Wednesday, April 4, 2007

A 'fine' mess


Good morning, and how is everybody doing on this Hump Day? I'm fine, thanks for asking. No, really, I'm not just saying that. Often people say "fine" when in actuality they aren't fine but don't want to get into it. I truly mean that I'm fine though. (Uh oh, I smell a tangent coming and I apologize. I really wasn't planning on this, but sometimes I go a little crazy. I don't think I can blame this one on my wife's vacation either.)

I just reminded myself of a line from A Thousand Acres by Jane Smiley. In it, a character says that something is "fine," and the other character goes off on how "fine" is "a woman's word." This led to a surprisingly heated debate in one of my literature classes as to whether "fine" was indeed a word that women use much more often to avoid a question and move on. I didn't speak up much, because while I use that word, I don't like speaking as if I represent all men. It was a stupid discussion that went on for way too long, and now I've brought it to you. Hope you enjoyed.

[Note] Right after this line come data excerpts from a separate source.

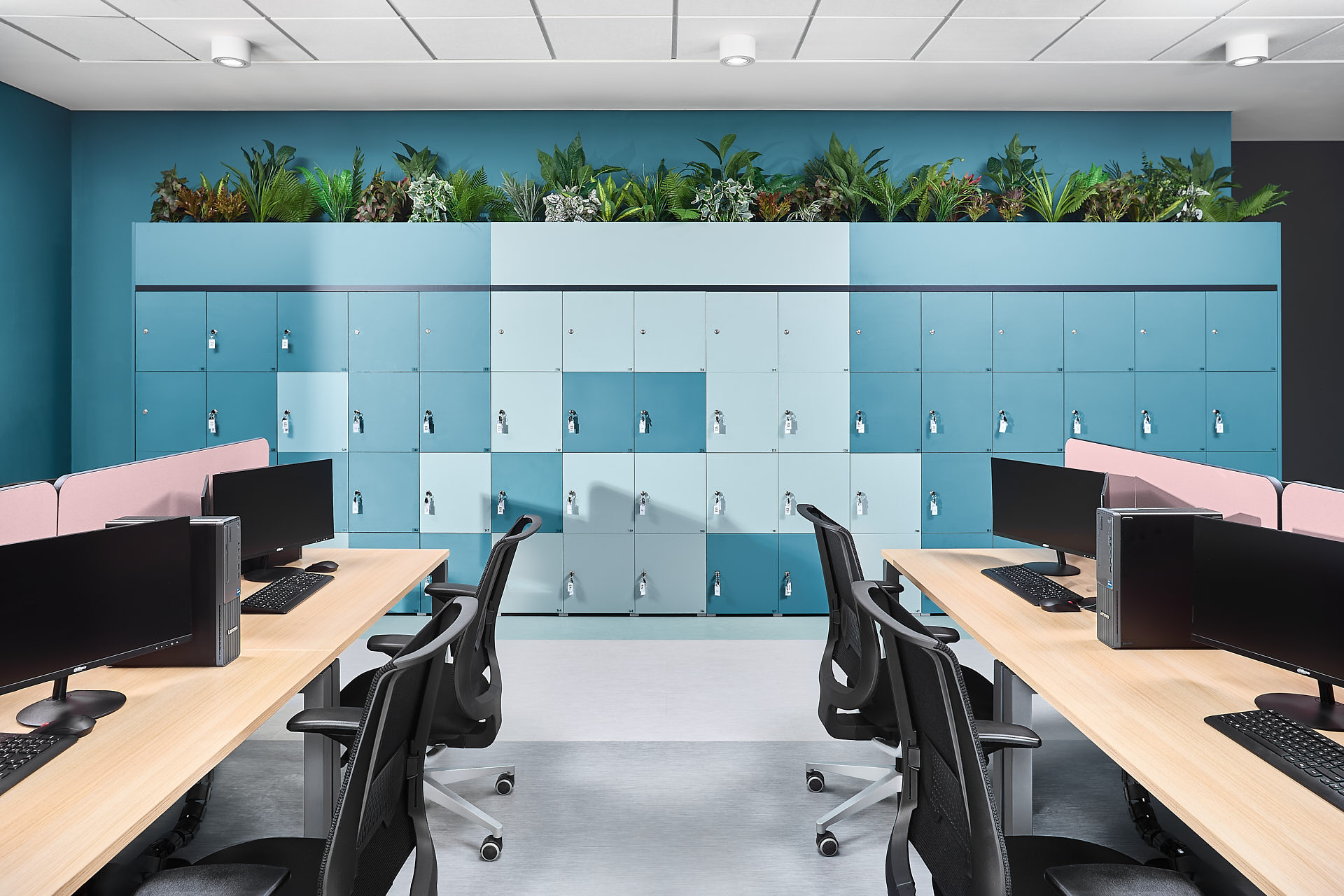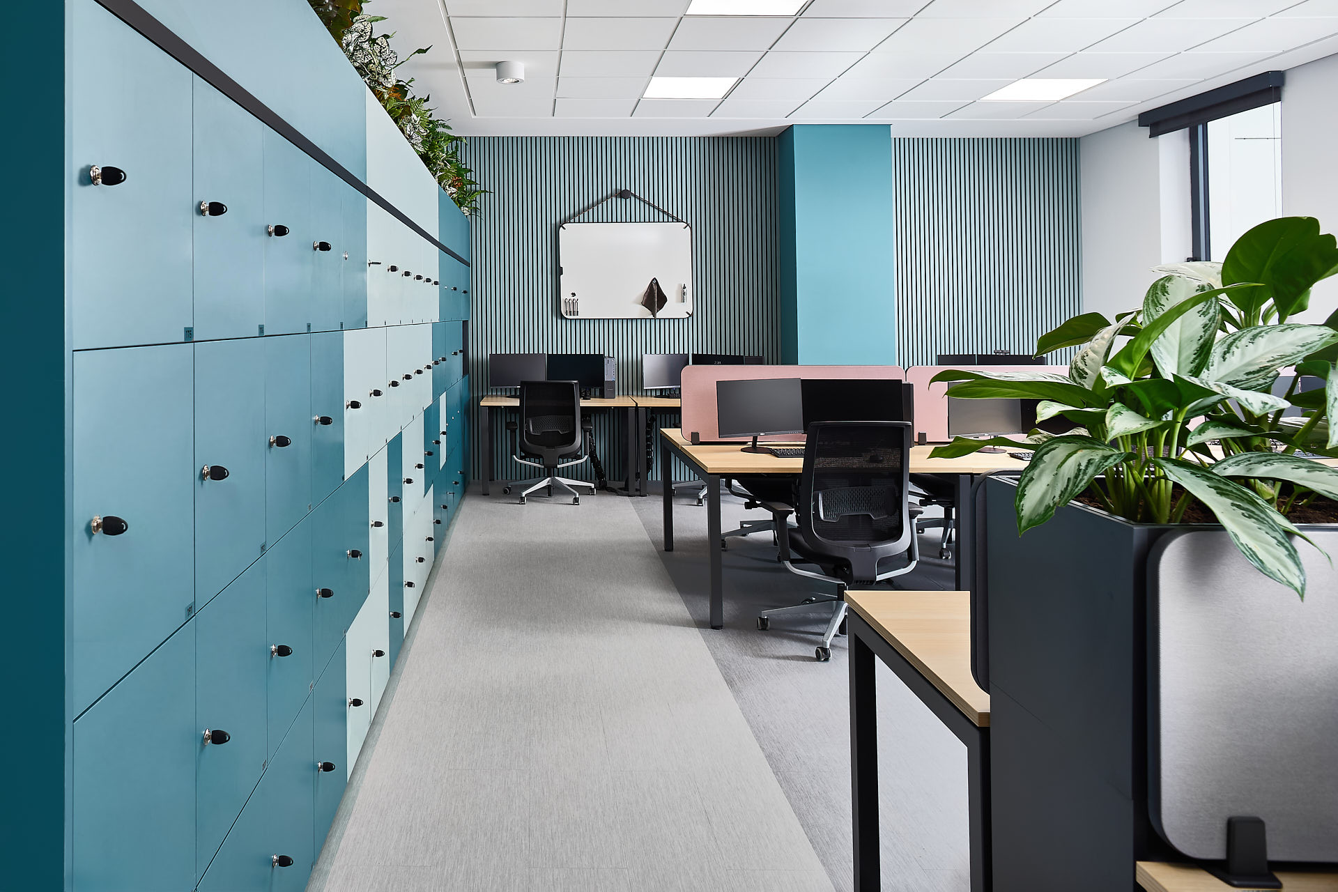 辅助资源区被巧妙地整合到整体空间概念之中,为员工的日常活动提供功能支持,同时避免在视觉上占据室内主导地位。该区域涵盖了个性化的储物柜系统(支持灵活使用工位的方式)、储藏室、衣帽间、打印区等。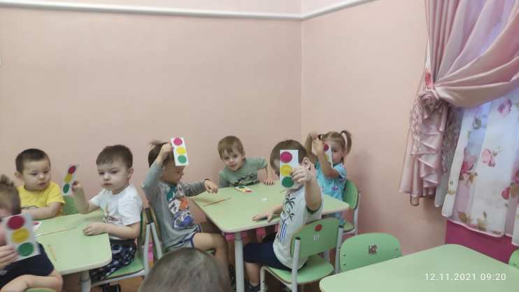 - учить наклеивать круги на прямоугольник, чередуя их последовательность (красный, желтый, зеленый);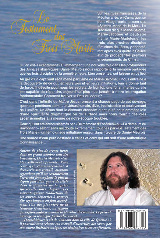 Quelque part sur les rives françaises de la Méditerranée, un petit village porte le nom des Saintes-Marie-de-la-Mer. La Tradition dit que Marie-Salomé, Marie-Jacobée et peut-être même Marie-Madeleine, les trois plus proches disciples féminines de Jésus, y accostèrent après avoir quitté la Galilée afin de propager les premiers enseignements du Christ. Qu'en est-il exactement ? S'immergeant une nouvelle fois dans les profondeurs des Annales akashiques, Daniel Meurois nous rapporte ici la mémoire partagée que les trois disciples de la première heure, bien présentes, ont laissée en ce lieu. Au gré d'un captivant récit mené par l'âme de Marie-Salomé, il nous entraîne à la découverte de ce qui, en leurs vies et en leurs initiations, leur a donné tant de force. Il dévoile pour nous les secrets de leur foi, une foi si intense qu'elle est capable de répondre, aujourd'hui plus que jamais, à notre interrogation fondamentale : Comment trouver la Paix et le Sacré en soi ? C'est dans l'intimité du Maître Jésus, présent à chaque page, que nous pénétrons alors… un Jésus humain, divin, insaisissable et bouleversant de Lumière. Un Jésus dont le discours étonnant d'actualité nous emmène loin d'une spiritualité dogmatique ou de surface mais nous fournit des clés ascensionnelles à la mesure de notre époque troublée. Ceux qui ont été enthousiasmés par ''De mémoire d'Essénien'' ou ''La Demeure du Rayonnant'' seront sans nul doute extrêmement touchés par ''Le Testament des Trois Marie'', un témoignage initiatique majeur dans l'œuvre de Daniel Meurois.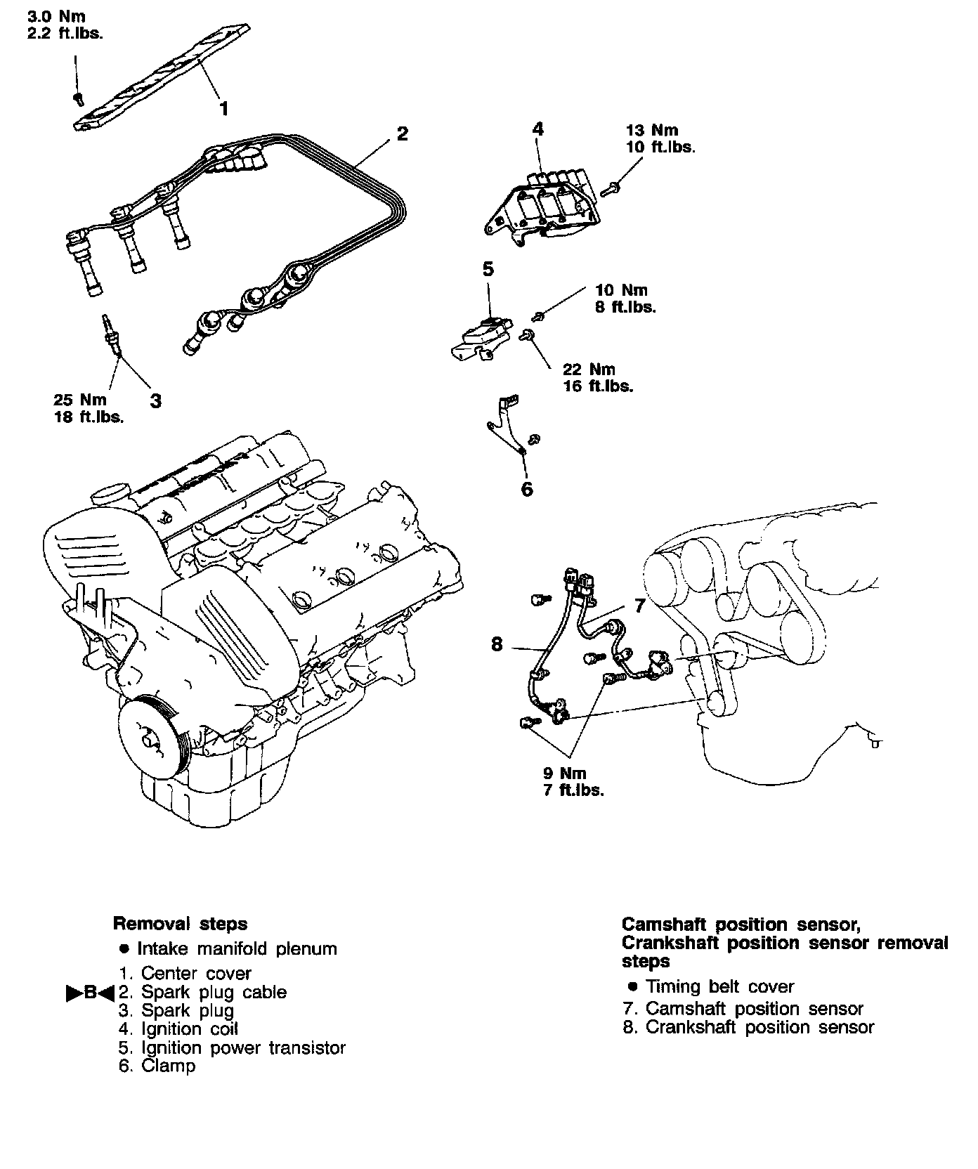 Improper arrangement of spark plug cables will induce voltage between the cables, causing miss firing and developing a surge at acceleration in high-speed operation. Therefore, be careful to arrange the spark plug cables properly by the following procedure.

Even though I read the book, I only really remember a few things about it. The rest I'm piecing together from scenes they showed in the preview for the movie version. I keep picturing Jason Robards yelling, "It's these girls who are making me crazy!" The only other thing I really recall is the last line of the book because it pissed me off. "This is the gleaming obsidian shard I safeguard above all others," she wrote. Why did that piss me off? The whole book had been elegantly written but not too steeped in metaphor, if you know what I mean. I was able to read it without having to stop, think, and analyze every two lines. As an English major, I had to do a whole bunch of that, so I enjoyed reading a book that illustrated how something can be well-written without screaming, "Look at me, I'm well-written!" That's why the last line pissed me off, because now I had to think about what the hell the "gleaming obsidian shard" represented.

That course was actually one of my favorites, because it was structured in the coolest way imaginable for me. 10% of the grade was class participation. The other 90% came from a journal that we wrote in weekly about our thoughts on the books we were reading. We read five books through the quarter, spending two weeks on each. Every Friday, we'd hand in our journal, and on Monday he'd give them back with his thoughts on our thoughts. It didn't really matter what we wrote about, and that was right in my wheelhouse. A particular chapter of one book led me to write about my mom's friend Florence, who was in her mid-to-late 90s at the time, while it led my friend Sara to write about "Fiddler on the Roof." The professor's comments encouraged me to just write my thoughts and not censor them at all, so I didn't hold back when writing about A Thousand Acres.

I remember two parts of my journal entries on that book: the beginning and the end. I started by saying that I really didn't know how big an acre was, so I couldn't tell if a thousand of them would be "a pretty big field" or the size of New Hampshire. I had the feeling that Ms. Smiley wanted readers to think, "Wow, a thousand acres is as huge lot" and be able to picture it, but she missed this reader with that. Then at the end, I wrote about my displeasure with the last line. I wrote, "I'd like to tell you what Jane Smiley can do with that obsidian shard, but I'll keep it clean. No, on second thought, I won't bite my tongue any longer. I'd like to bust that obsidian shard right up Jane Smiley's ass." I did it partly for shock value, partly to amaze my roommates that I would turn something like that in as an assignment, and partly because I wanted to reach the bottom of the page. I kept it in there, printed it out, and turned it in. When he gave it back, there were two exclamation marks next to that line. Below it, he briefly explained his thoughts on what the shard represented, and then told me that I write well.

In hindsight, this blog is his fault. Please send your hate mail to Professor Allaback at UCSB, because he encouraged my tangents enough that I've almost stopped using the backspace key. Speaking of which, I met a young woman named Dalit once (pronounced Dah-LEET), and I said, "You mean like backspace?" She nodded in a way that told me she's heard that a few hundred too many times. There I go again. I have quite the special tangential potential...and apparently too much caffeine this morning. Have a great day, gentle readers, and please look out for gleaming obsidian shards.
As always, email me at ptklein@gmail.com with anything about anything. And by "as always," I mean, "please try it once, see how it feels, and then get hooked on the stardom of having your name appear on the series of tubes that make up the internets."

2 comments:

Laynie said...

Who knows what Ms. Smiley meant with her gleaming obsidian reference. I, for one, would only safeguard my nubby sandstone pyramid or an occasional marble obelisk. I'm perfectly fine with that.

PK said...

Totally, Mom. You're so right. I've been content just safegaurding my stucco graphite trapezoid, so I'll probably stick with that.